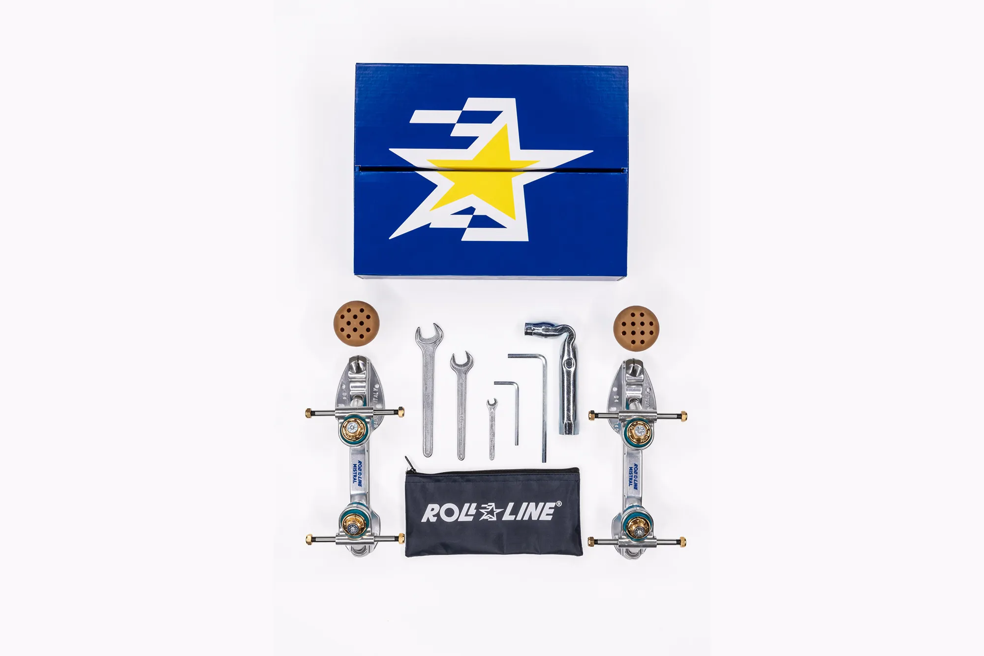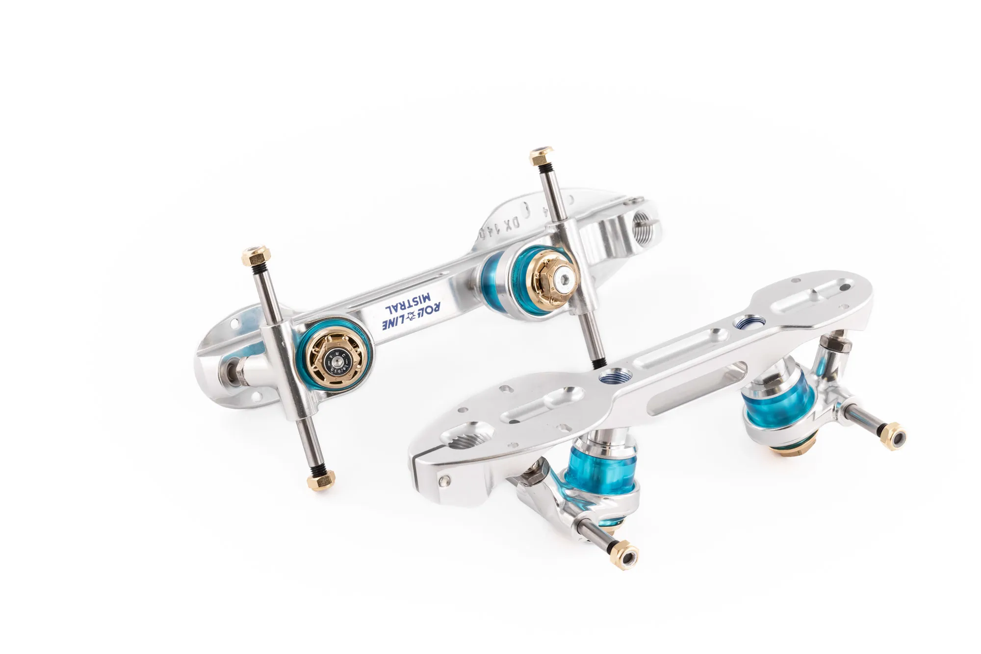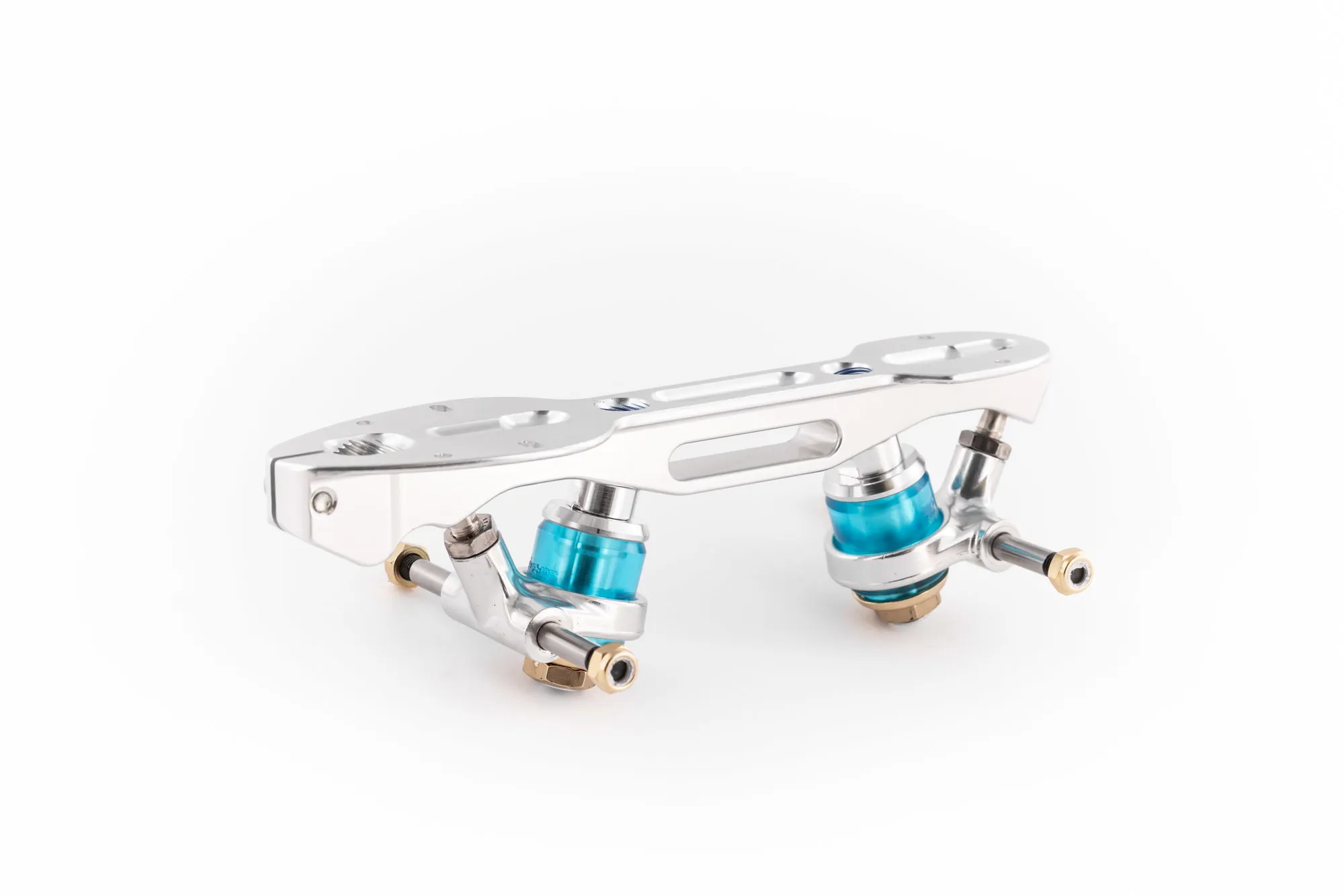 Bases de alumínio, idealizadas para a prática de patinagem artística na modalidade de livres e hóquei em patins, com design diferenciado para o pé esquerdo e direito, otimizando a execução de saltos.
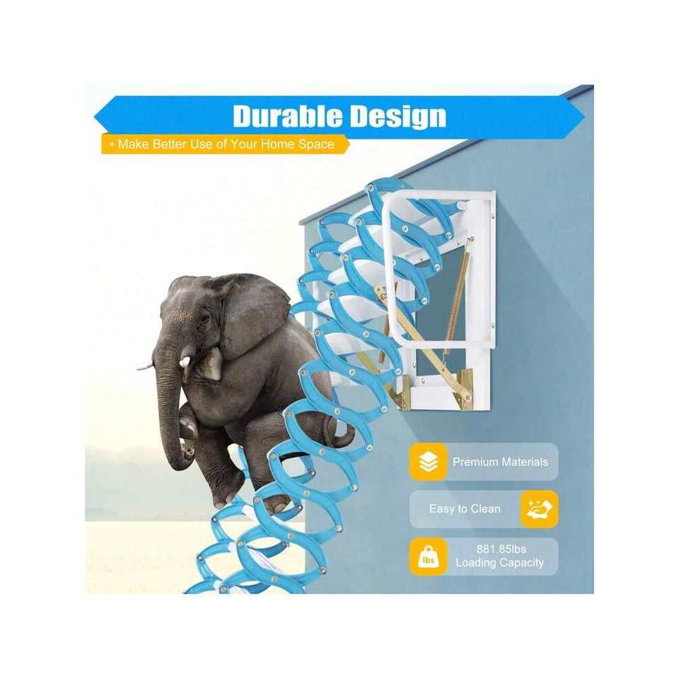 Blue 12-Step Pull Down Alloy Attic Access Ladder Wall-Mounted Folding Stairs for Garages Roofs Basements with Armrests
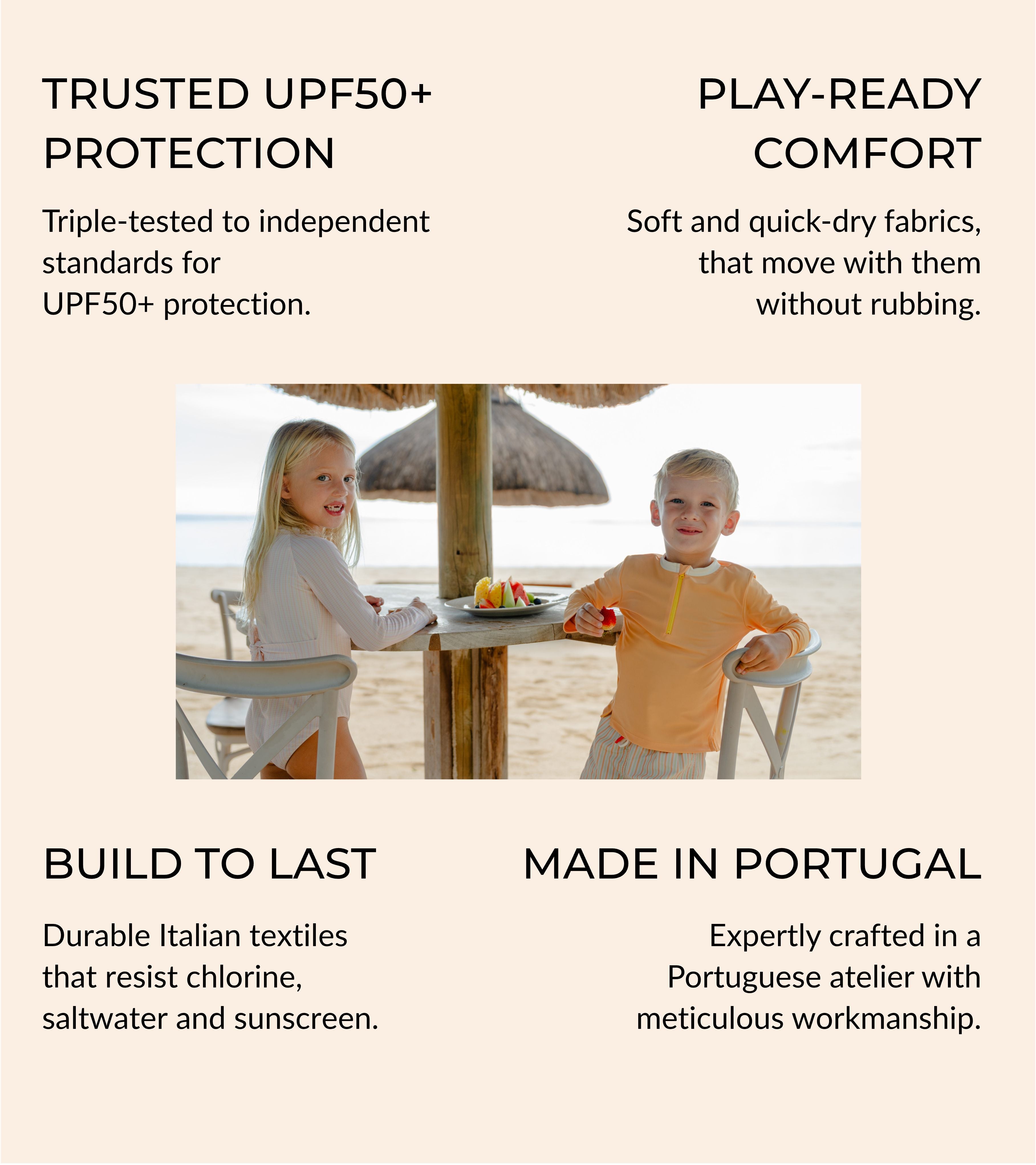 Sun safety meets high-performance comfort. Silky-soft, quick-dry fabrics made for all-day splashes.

◆ ◆ ◆ ◆

The answer should consist only of the lines from the line with "Blue 12-Step Pull" through the last line of the data, repeated exactly; pictures stay out.

EXPECTED ANSWER –
 Blue 12-Step Pull Down Alloy Attic Access Ladder Wall-Mounted Folding Stairs for Garages Roofs Basements with Armrests
 Sun safety meets high-performance comfort. Silky-soft, quick-dry fabrics made for all-day splashes.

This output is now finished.